# Using DASK

This notebook will fetch data from ServiceX and process it via coffea on a loca `dask` cluster.

In [1]:
from make_it_sync import make_sync
import matplotlib.pyplot as plt
from coffea import hist, processor

from sx_multi import FuncAdlQastle, sx_event_stream, process_coffea_dask

# Fetching the data

We want to pull back only electrons with $p_T > 30$ GeV, and $abs(\eta)<2.5$. Aid since this is a super-simple algorithm - we will limit it to those events that have just two electrons.

In [2]:
ds = FuncAdlQastle()
leptons_per_event_query = ds \
        .Select(lambda e: e.Electrons("Electrons")) \
        .Select(lambda eles: eles.Where(lambda e: e.pt()/1000.0 > 30.0)) \
        .Select(lambda eles: eles.Where(lambda e: abs(e.eta()) < 2.5)) \
        .Where(lambda eles: len(eles) == 2) \
        .Select(lambda ls: (ls.Select(lambda e: e.pt()/1000.0), ls.Select(lambda e: e.eta()), ls.Select(lambda e: e.phi()), ls.Select(lambda e: e.m()/1000.0))) \
        .AsROOTTTree('data.root', 'mytree', ('ElePt', 'EleEta', 'ElePhi', 'EleM'))

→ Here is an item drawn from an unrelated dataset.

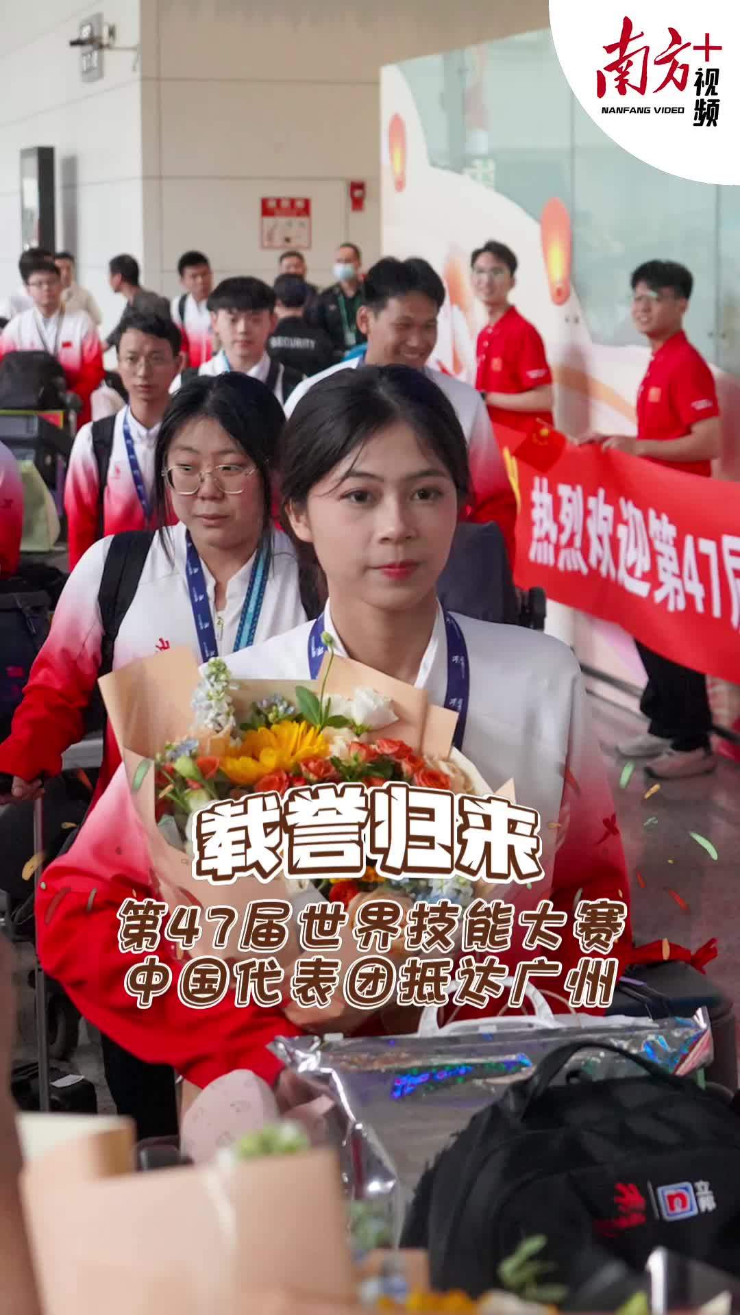 载誉归来!第47届世界技能大赛中国代表团抵达广州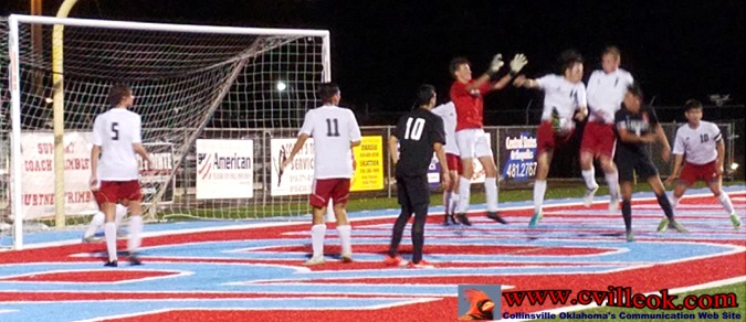 JV Boys nearly scored on this shot which the Claremore goalie just deflected.

And the dataset identifier we want to be scanning:

In [3]:
did = 'mc15_13TeV:mc15_13TeV.361106.PowhegPythia8EvtGen_AZNLOCTEQ6L1_Zee.merge.DAOD_STDM3.e3601_s2576_s2132_r6630_r6264_p2363_tid05630052_00'

# Define Coffea Process Function

This will get the data from above (in servicex). It gets access to a single file and must open it, and then build the invar mass.

In [4]:
accumulator = processor.dict_accumulator({
})

In [5]:
class ZMassProcessor(processor.ProcessorABC):
    def __init__(self):
        self._accumulator = processor.dict_accumulator({
            "sumw": processor.defaultdict_accumulator(float),
            "mass": hist.Hist(
                "Events",
                hist.Bin("mass", "$Z_{ee}$ [GeV]", 60, 60, 120),
            ),
        })

    @property
    def accumulator(self):
        return self._accumulator

    def process(self, events):
        output = self.accumulator.identity()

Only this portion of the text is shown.